Web search results can return thousands of tokens. It is recommended to increase the context length of the model to at least ~32000 tokens. Search agents work best with full context length. [Ollama's cloud models](https://docs.ollama.com/cloud) run at the full context length.

## MCP Server

You can enable web search in any MCP client through the [Python MCP server](https://github.com/ollama/ollama-python/blob/main/examples/web-search-mcp.py).

### Cline

Ollama's web search can be integrated with Cline easily using the MCP server configuration.

`Manage MCP Servers` > `Configure MCP Servers` > Add the following configuration:

```json
{
  "mcpServers": {
    "web_search_and_fetch": {
      "type": "stdio",
      "command": "uv",
      "args": ["run", "path/to/web-search-mcp.py"],
      "env": { "OLLAMA_API_KEY": "your_api_key_here" }
    }
  }
}
```

![Cline MCP Configuration](/images/cline-mcp.png)

### Codex

Ollama works well with OpenAI's Codex tool.
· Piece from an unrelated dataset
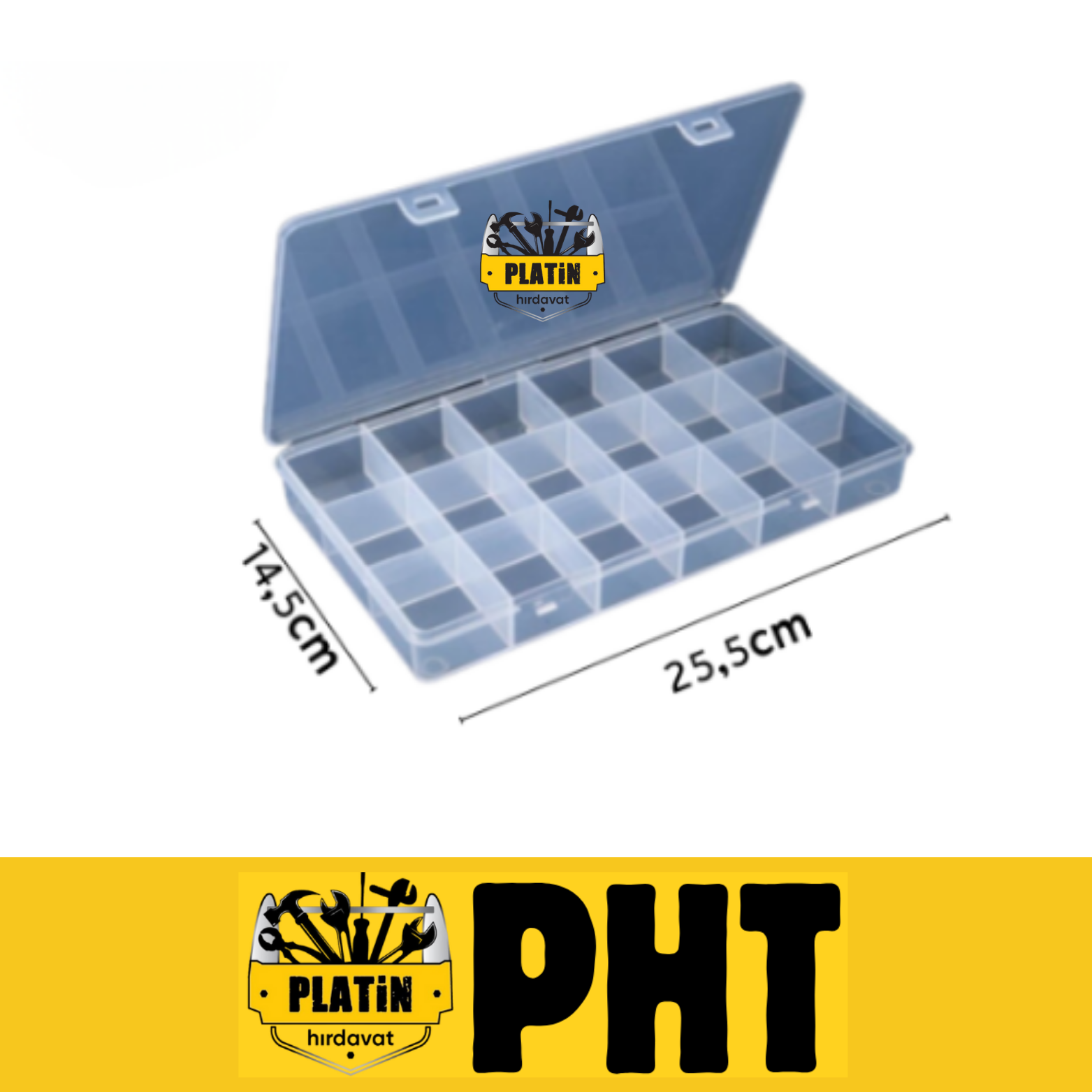 PHT Platin Hırdavat Organizer Şeffaf Kutu Hobby, Takı, Boncuk, 18 Bölmeli ( 25,5Cm x 14,5Cm ) plt2800018
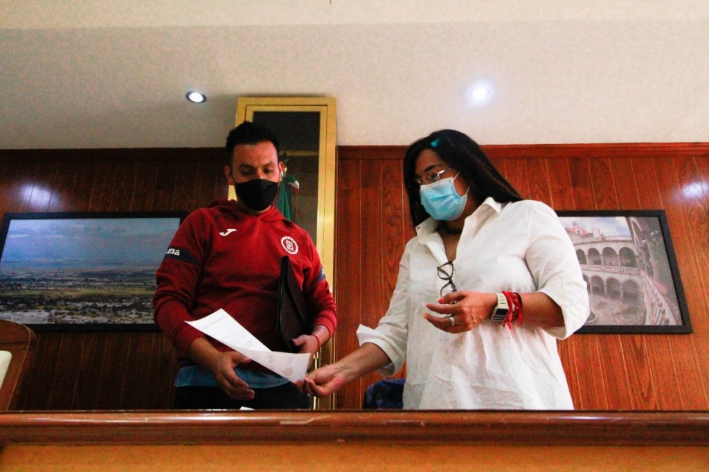 La presidenta municipal Sandra Luz Falcón Venegas, realizó la entrega del apoyo en efectivo, mismo que servirá para que los seleccionados nacionales Diego Eduardo Villamar Ortega y Jorge Morales Gil puedan realizar su viaje a Turquía en donde representarán a México como deportistas de alto rendimiento.

Add the following configuration to `~/.codex/config.toml`

```python
[mcp_servers.web_search]
command = "uv"
args = ["run", "path/to/web-search-mcp.py"]
env = { "OLLAMA_API_KEY" = "your_api_key_here" }
```

![Codex MCP Configuration](/images/codex-mcp.png)

### Goose

Ollama can integrate with Goose via its MCP feature.

![Goose MCP Configuration 1](/images/goose-mcp-1.png)

![Goose MCP Configuration 2](/images/goose-mcp-2.png)

### Other integrations

Ollama can be integrated into most of the tools available either through direct integration of Ollama's API, Python / JavaScript libraries, OpenAI compatible API, and MCP server integration.